The flannel vlan in vxlan mode using another tunnel (such as manually configured wireguard) using k3s --flannel-external-ip and --flannel-iface parameters picks vxlan udp src ip from interface with default route.
Expected Behavior
The flannel vxlan udp packet src ip matches picked interface.
Current Behavior
This bug is noticed when you have two nodes with at least one under nat :
node 1 - server node:
eth0 192.168.66.200 (with default route)
wg0 172.30.0.1 (vpn to node2)node 2 - just agent:
eth2 x.x.x.x (redacted, default route)
wg0 172.30.0.2 (vpn to node1)Starting k3s on both nodes:
./k3s server -i 172.30.0.1 --node-external-ip 172.30.0.1 --flannel-backend=vxlan --flannel-external-ip 172.30.0.1 --flannel-iface wg0 --bind-address 172.30.0.1and node2
./k3s agent -t xxxtokenxxx --server https://172.30.0.1:6443 -i 172.30.0.2 --node-external-ip 172.30.0.2 --flannel-iface wg0 --bind-address 172.30.0.2 the flannel tunnel from node1 uses wrong src ip.
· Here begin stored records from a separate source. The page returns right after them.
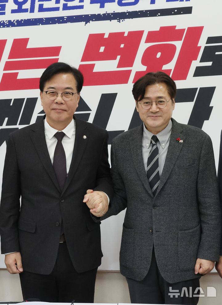 [서울=뉴시스] 조성봉 기자 = 송언석 국민의힘 원내대표가 22일 오후 서울 여의도 국회에서 홍익표 대통령비서실 정무수석을 접견하며 악수를 하고 있다. 2026.01.22. [email protected]
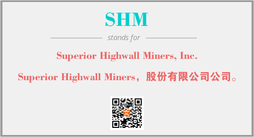 上述内容是“Superior Highwall Miners, Inc.”作为“SHM”的缩写,解释为“Superior Highwall Miners,股份有限公司公司。”时的信息,以及英文缩略词SHM所代表的英文单词,其对应的中文拼音、详细解释以及在英文中的流行度和相关分类、应用领域及应用示例等。
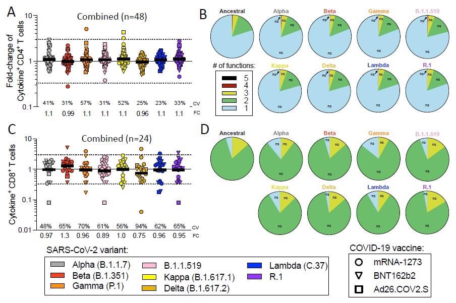 The study analyzed CD4+ and CD8+ T cell responses induced by each tested vaccine to the spike protein of a panel of SARS-CoV-2 variants, including alpha, beta, gamma, delta, B.1.1.519, kappa, lambda, and R.1 variants.
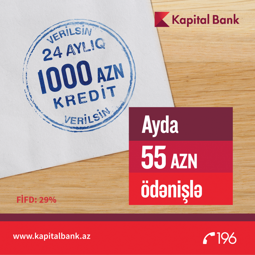 Kapital Bank müştərilərə ayda cəmi 55 manat ödəməklə, 1000 manat nağd pul krediti təklif etməkdə davam edir. Kreditin müddəti 24 ayadək rəsmiləşdirilə bilər.
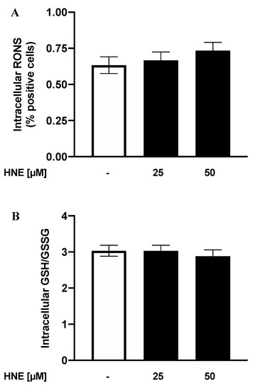 RBCs are considered “reporter cells” for the oxidative state since they can be particularly vulnerable to RONS due to their constant exposure to by-products generated by autoxidation of haemoglobin [50]. Moreover, oxidative stress has been associated in phospholipid remodeling and cell dysfunction in a number of eryptotic processes associated with several clinical conditions such as heart failure, diabetes, anaemia, and chronic inflammatory diseases [2,3,4,5,6]. Oxidative stress is, indeed, effective at least in part by activating Ca2+-permeable NSCM channels and by initiating a series of events ultimately leading to cell shrinkage and PS externalization [51]. In light of our present results underlying the key role exerted by Ca2+ in our experimental system, we next evaluated the involvement of oxidative stress in HNE-induced eryptosis. To this end, RBCs were incubated for 24 h in the absence (control) or in the presence of HNE between 25 and 50 µM and both endocellular RONS and GSH/GSSG levels evaluated. As shown in Figure 7, HNE did not induce any variation of intracellular levels of both RONS and GSH/GSSG at all the concentration tested.
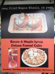 Next at the same venue was a Bacon & Maple Syrup Delux Funnel Cake. It was like a light and fluffy waffle, with a bit of whipped cream, and some bacon pieces sprinkled on top. Also very yummy and extra bad for me since I had cut pork out of my diet long ago!
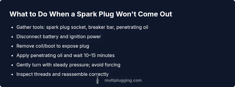 Most often a spark plug won’t come out because threads are corroded or seized from heat and age. According to MultiPlugging, thread corrosion is the top culprit. Start by disconnecting power and removing the coil boot, then apply penetrating oil around the threads and soak. Use a proper socket, breaker bar, and steady counterclockwise turns; if it still sticks, stop and seek professional help.
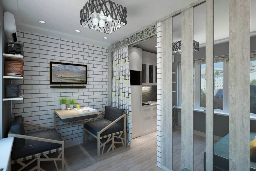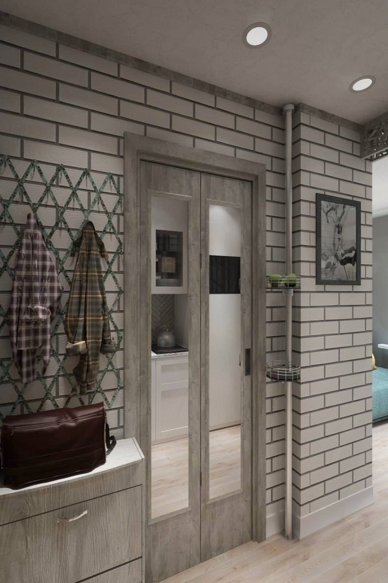 Ceiling in studio design 14 sq. m. is not quite ordinary: decorative plaster is applied to it, slightly "aged" and as if "shabby". It echoes the brickwork of the walls, harmonizing the look of the room. Decorative plastic cornices are reinforced along the entire perimeter. The entrance area and the living space of the room are separated by a decorative plywood grill with a pattern carved on it. The pattern was created using a laser.
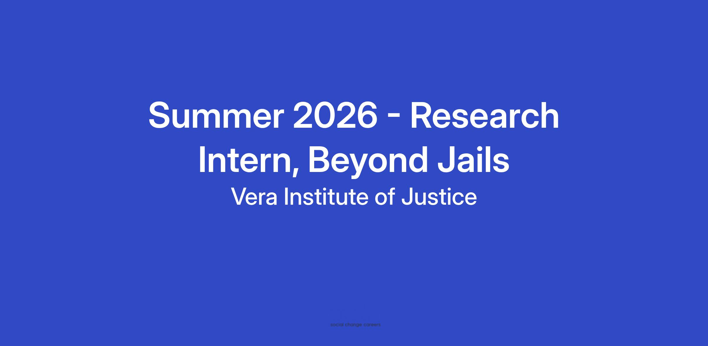The Research Intern role for Beyond Jails is an opportunity for a college or graduate-level student or recent graduate to experience working in a full-time research role at a non-profit organization. Working on the Beyond Jails team, they will support analysis of administrative data from courts, jails, and other justice agencies, to generate descriptive and inferential findings that will inform our policy and advocacy work. The Research Intern will participate in day-to-day team activities including conducting research, participating in virtual and possibly in-person meetings with state and local community partners, team-building activities, and more. The intern will be supervised by a senior researcher on the team, who will provide ongoing guidance and train the intern on a range of quantitative and qualitative research skills as needed. Other Vera staff will also be available to support the intern.
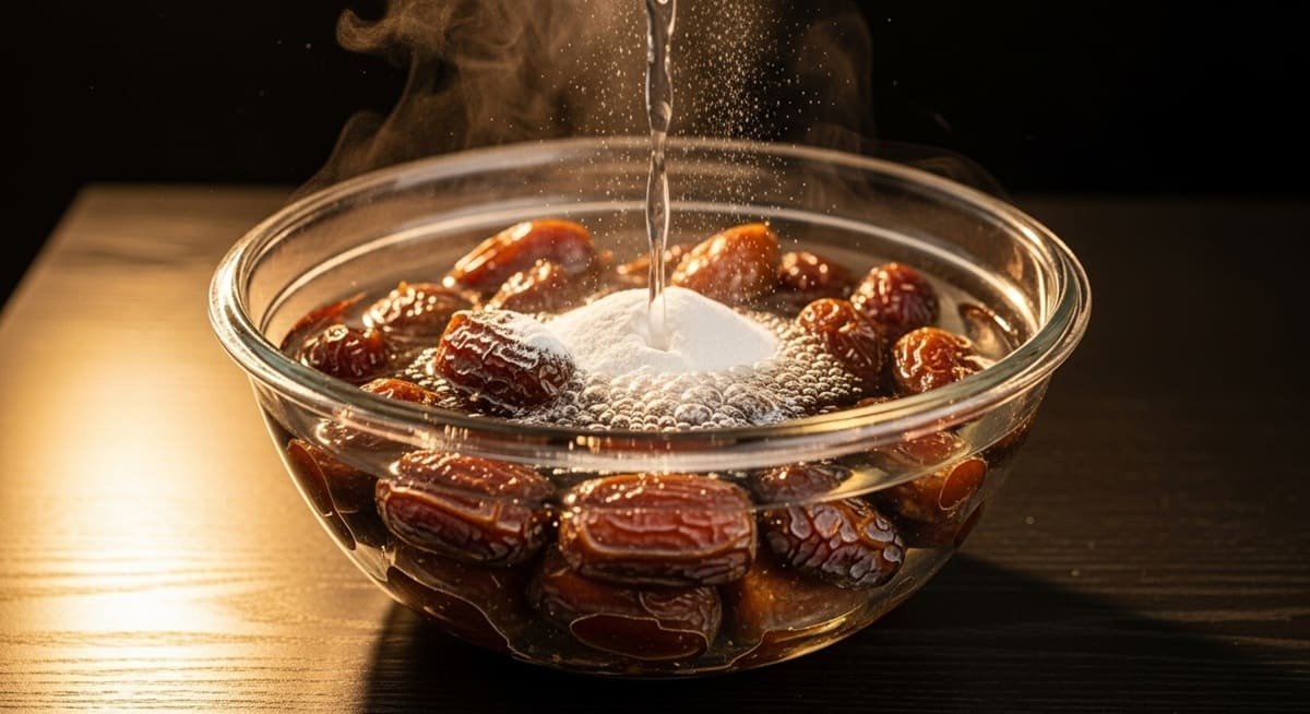 - Em uma tigela, cubra as tâmaras picadas com água fervente e bicarbonato; deixe amolecer por 5-10 minutos. Amasse com garfo até pasta rústica.
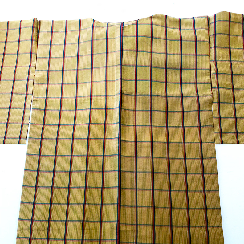 古い着物のため、身丈が短い、縫込みがない、袖が長い、難ありです。
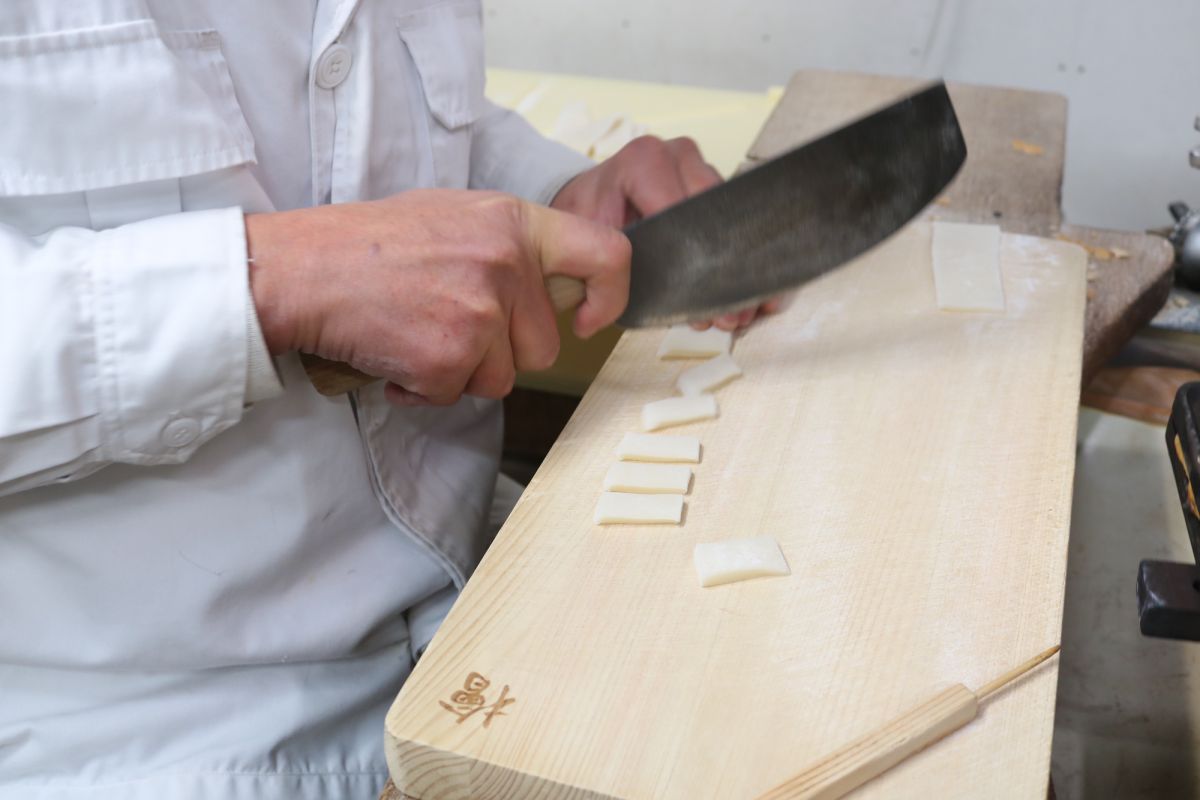 最中種は何でできているかというと、もち粉。「種嘉商店」では、最高級の近江羽二重餅の粉を使われています。薄く伸ばして小さくカットしたものを型に押して伸ばすのですが、このときの餅のやわらかさがポイント。くっつかないように、専用の種切り包丁でリズミカルに切っていきます。
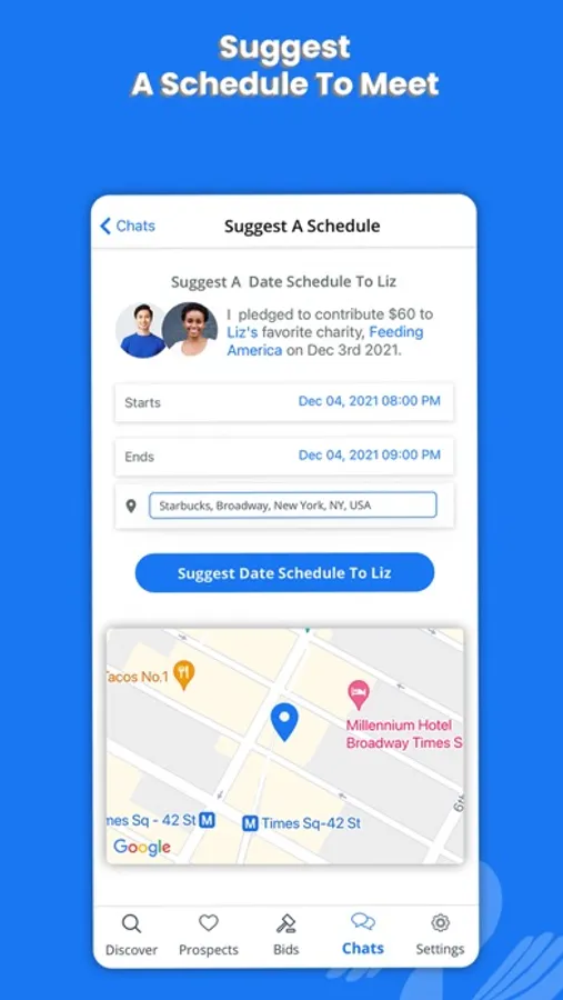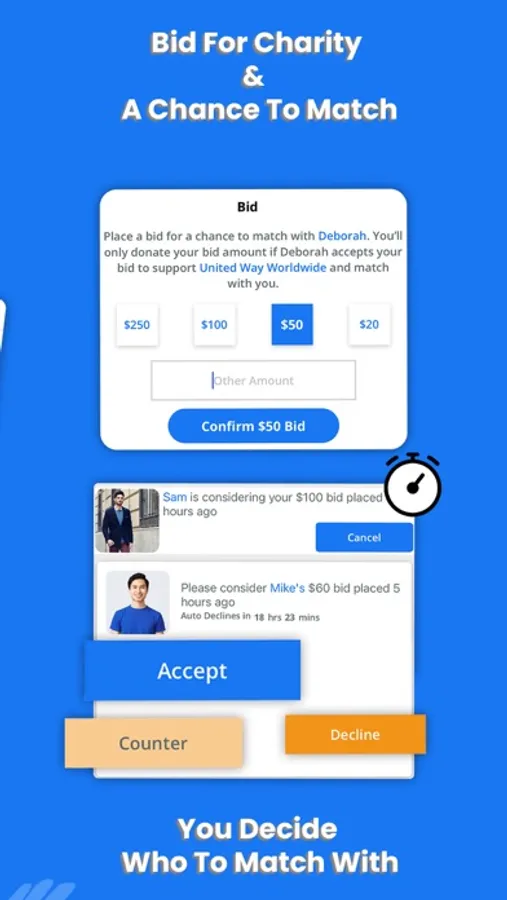 Bid for a chance to support your interested person's favorite charity and match with
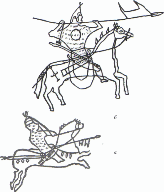 а, 6. Наскальные рисунки Сулекской писаницы. Латник (а), чтобы нанести мощный таранный улар копьем, опирает конец украшенною флажками древка о жесткий каркас седла. Голову воина защищает клепаный из концентрических колец шлем с небольшим плюмажем и бармицей - судя по всему, кольчужной (как и сами доспехи). Бронированный всадник (б) демонстрирует прием владения копьем. Зажав древко двумя руками, он наносит удар сверху вниз. Чтобы свести к минимуму возможность собственного поражения, он развернулся к нему боком. После удачно проведенного нападения всаднику, потерявшему копье, скорее всего, придется вступать в ближний бой, к которому он уже готов. Об этом свидетельствует боевой топор, висящий на кисти его правой руки. На груди воина, поверх ламеллярного панциря, хорошо заметен круглый деревянный щиток (именно таким он описан в летописях). Ряды пластинчатого набора доспехов обозначены короткими вертикальными штрихами. Голову воина закрывает высокий конический шлем с длинными наушами и назатыльником, увенчанный, вероятно, пучком перьев. Копье и топор дополняются луком в длинном узком налучье, размещенном вдоль правого бедра, и колчаном со стрелами, подвязанным к поясу с этой же стороны. Пах всадника защищает передняя лука седла. Конь под воином не бронирован, панцирь воина достигает лишь середины бедра. Отсюда можно сделать вывод, что перед нами средневооруженный воин второго эшелона. Манера копейного боя (в верхней плоскости - поверх плеча передней шеренги) лишь подтверждает эту мысль. Конец 1-го тыс. н. э. Сулекская писаница. Средний Енисей
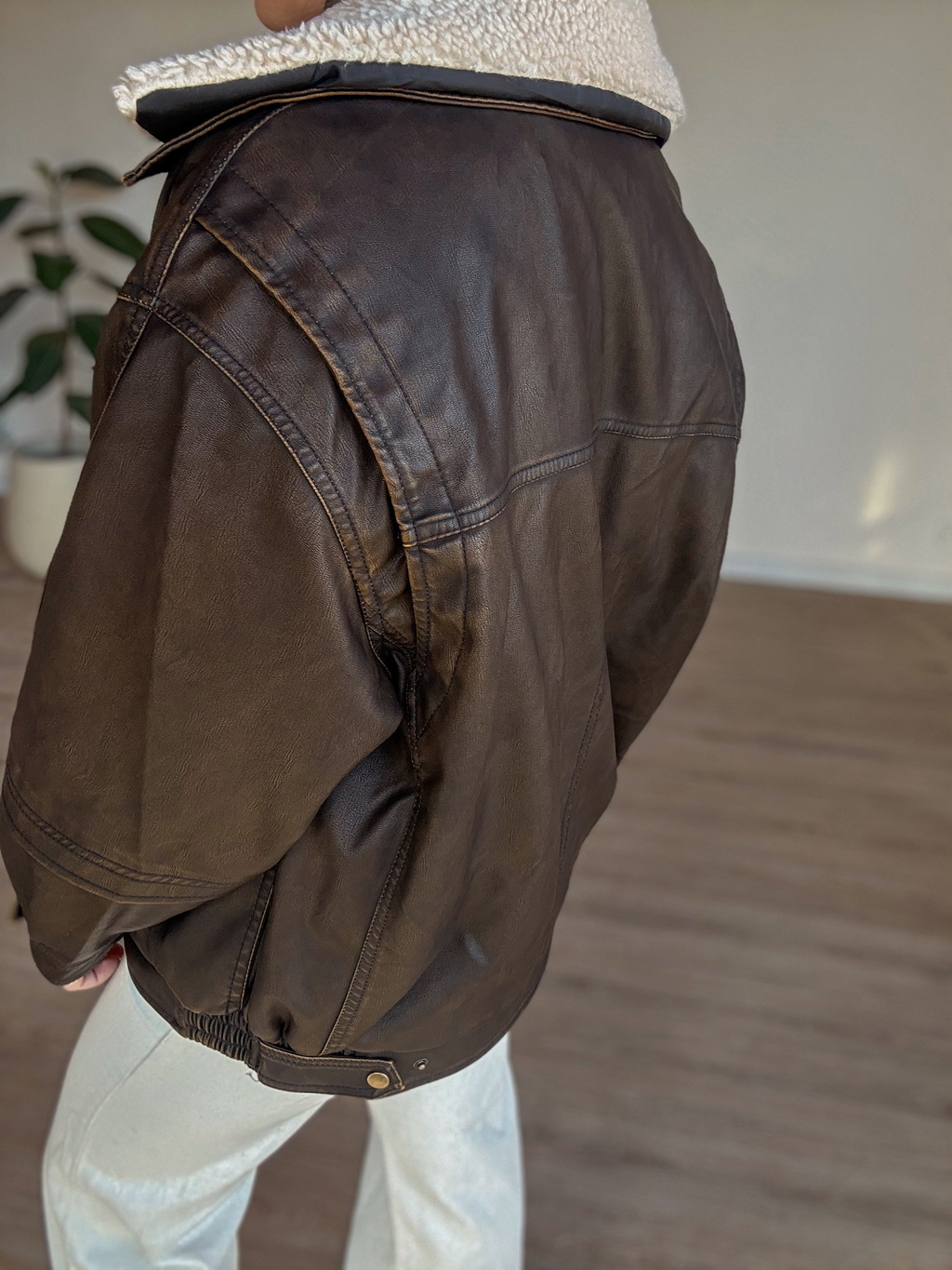 Sumale onda y actitud a tus outfits con esta chaqueta bomber de corte oversized de eco cuero en marron gastado. Su diseño está inspirado en el estilo aviador vintage. con costuras a la vista, bolsillos grandes con broche y cierre metalico. Ideal para los dias frescos, combina lo canchero con lo comodo.-
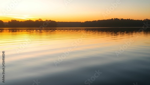 © faffy06, Naklejka premium Golden Sunrise Reflections on Serene Lake Waters
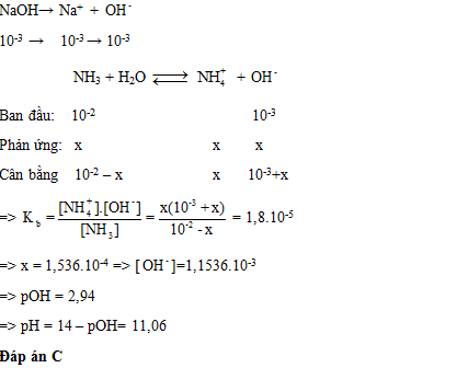 Tính pH của dung dịch gồmNaOH 10-3M và NH3 10-2M (NH3 có Kb = 1,8.10-5 )
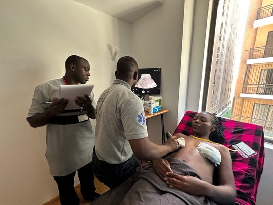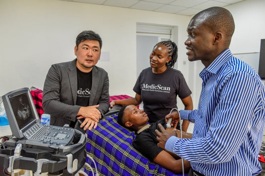 超音波検査のトレーニングについてケニアの医師と話すAAHD・原(左)=ケニア・キアンブ郡、中野智明氏撮影朝日新聞 withPlanet(https://www.asahi.com/withplanet/article/15209927)より

For example doing ping from node2 to node1 the following packets are produced:
node1 # tcpdump -i wg0 -n udp port 8472
dropped privs to pcap
tcpdump: verbose output suppressed, use -v[v]... for full protocol decode
listening on wg0, link-type RAW (Raw IP), snapshot length 262144 bytes
16:58:21.074052 IP 172.30.0.2.40978 > 172.30.0.1.8472: OTV, flags [I] (0x08), overlay 0, instance 1
IP 10.42.1.0 > 10.42.0.1: ICMP echo request, id 44022, seq 3, length 64
16:58:21.074128 IP 192.168.66.200.55307 (!!! need to be 172.30.0.1!!! ) > 172.30.0.2.8472: OTV, flags [I] (0x08), overlay 0, instance 1
IP 10.42.0.1 > 10.42.1.0: ICMP echo reply, id 44022, seq 3, length 64
16:58:22.097767 IP 172.30.0.2.40978 > 172.30.0.1.8472: OTV, flags [I] (0x08), overlay 0, instance 1
IP 10.42.1.0 > 10.42.0.1: ICMP echo request, id 44022, seq 4, length 64
16:58:22.097811 IP 192.168.66.200.55307 > 172.30.0.2.8472: OTV, flags [I] (0x08), overlay 0, instance 1
IP 10.42.0.1 > 10.42.1.0: ICMP echo reply, id 44022, seq 4, length 64
in above packet tcpdump we see not correct source ip address from node1. It need to be 172.30.0.1, but is 192.168.66.200
after some digging it is evident that node1 using from iface for vxlan:
node1:
node1 /sys/devices/virtual/net/flannel.1 # ls -l
total 0
### chopped ls -l ###
--rw-r--r-- 1 root root 4096 Dec 18 17:01 flags
-rw-r--r-- 1 root root 4096 Dec 18 17:01 gro_flush_timeout
-rw-r--r-- 1 root root 4096 Dec 18 17:01 ifalias
-r--r--r-- 1 root root 4096 Dec 18 17:01 ifindex
-r--r--r-- 1 root root 4096 Dec 18 16:56 iflink
-r--r--r-- 1 root root 4096 Dec 18 17:01 link_mode
lrwxrwxrwx 1 root root 0 Dec 18 17:01 lower_eth0 -> ../../../pci0000:00/0000:00:01.3/0000:09:00.2/0000:0a:03.0/0000:0e:00.0/net/eth0
-rw-r--r-- 1 root root 4096 Dec 18 17:01 mtu
-r--r--r-- 1 root root 4096 Dec 18 16:56 name_assign_type
### chopped ls -l ###as for exmaple node2 flannel.1 directory shows correct iface:
node2 /sys/devices/virtual/net/flannel.1 # ls -l
total 0
### chopped ls -l ###
-rw-r--r-- 1 root root 4096 Dec 18 17:02 ifalias
-r--r--r-- 1 root root 4096 Dec 18 16:58 ifindex
-r--r--r-- 1 root root 4096 Dec 18 16:58 iflink
-r--r--r-- 1 root root 4096 Dec 18 17:02 link_mode
lrwxrwxrwx 1 root root 0 Dec 18 16:58 lower_wg0 -> ../wg0
-rw-r--r-- 1 root root 4096 Dec 18 17:02 mtu
### chopped ls -l ###
Possible Solution
Steps to Reproduce (for bugs)
- Have at least system one system behind nat, but both systems with restrictive firewall
- install and configure tunnel between nodes (for example wireguard)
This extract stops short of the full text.